== Data excerpts ==
++++++

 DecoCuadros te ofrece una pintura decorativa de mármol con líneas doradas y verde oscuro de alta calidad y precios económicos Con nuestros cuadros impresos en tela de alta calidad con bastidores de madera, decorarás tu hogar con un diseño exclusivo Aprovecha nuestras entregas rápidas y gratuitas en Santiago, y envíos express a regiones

++++++

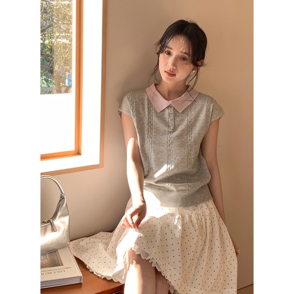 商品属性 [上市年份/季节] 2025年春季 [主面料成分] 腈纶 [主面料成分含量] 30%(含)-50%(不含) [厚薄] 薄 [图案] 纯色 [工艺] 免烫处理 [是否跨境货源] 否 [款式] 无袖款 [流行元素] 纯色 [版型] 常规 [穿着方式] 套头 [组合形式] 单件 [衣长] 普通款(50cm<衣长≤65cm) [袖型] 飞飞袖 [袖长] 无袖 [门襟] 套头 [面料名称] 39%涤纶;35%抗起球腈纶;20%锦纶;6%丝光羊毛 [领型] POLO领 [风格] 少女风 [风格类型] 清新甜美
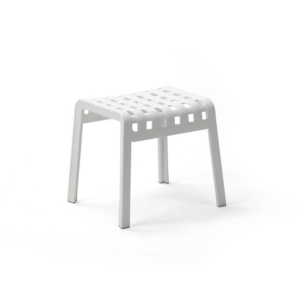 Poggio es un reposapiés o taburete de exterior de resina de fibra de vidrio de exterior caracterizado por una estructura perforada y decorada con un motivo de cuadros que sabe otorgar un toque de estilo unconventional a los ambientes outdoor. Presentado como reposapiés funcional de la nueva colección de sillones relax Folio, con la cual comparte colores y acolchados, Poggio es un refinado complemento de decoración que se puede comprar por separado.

++++++

Restate word for word every line from the one with "商品属性 [上市年份/季节] 2025年春季" up to and including the one with "Poggio es un reposapiés" in the records above, minus the pictures.

== Answer below ==
 商品属性 [上市年份/季节] 2025年春季 [主面料成分] 腈纶 [主面料成分含量] 30%(含)-50%(不含) [厚薄] 薄 [图案] 纯色 [工艺] 免烫处理 [是否跨境货源] 否 [款式] 无袖款 [流行元素] 纯色 [版型] 常规 [穿着方式] 套头 [组合形式] 单件 [衣长] 普通款(50cm<衣长≤65cm) [袖型] 飞飞袖 [袖长] 无袖 [门襟] 套头 [面料名称] 39%涤纶;35%抗起球腈纶;20%锦纶;6%丝光羊毛 [领型] POLO领 [风格] 少女风 [风格类型] 清新甜美
 Poggio es un reposapiés o taburete de exterior de resina de fibra de vidrio de exterior caracterizado por una estructura perforada y decorada con un motivo de cuadros que sabe otorgar un toque de estilo unconventional a los ambientes outdoor. Presentado como reposapiés funcional de la nueva colección de sillones relax Folio, con la cual comparte colores y acolchados, Poggio es un refinado complemento de decoración que se puede comprar por separado.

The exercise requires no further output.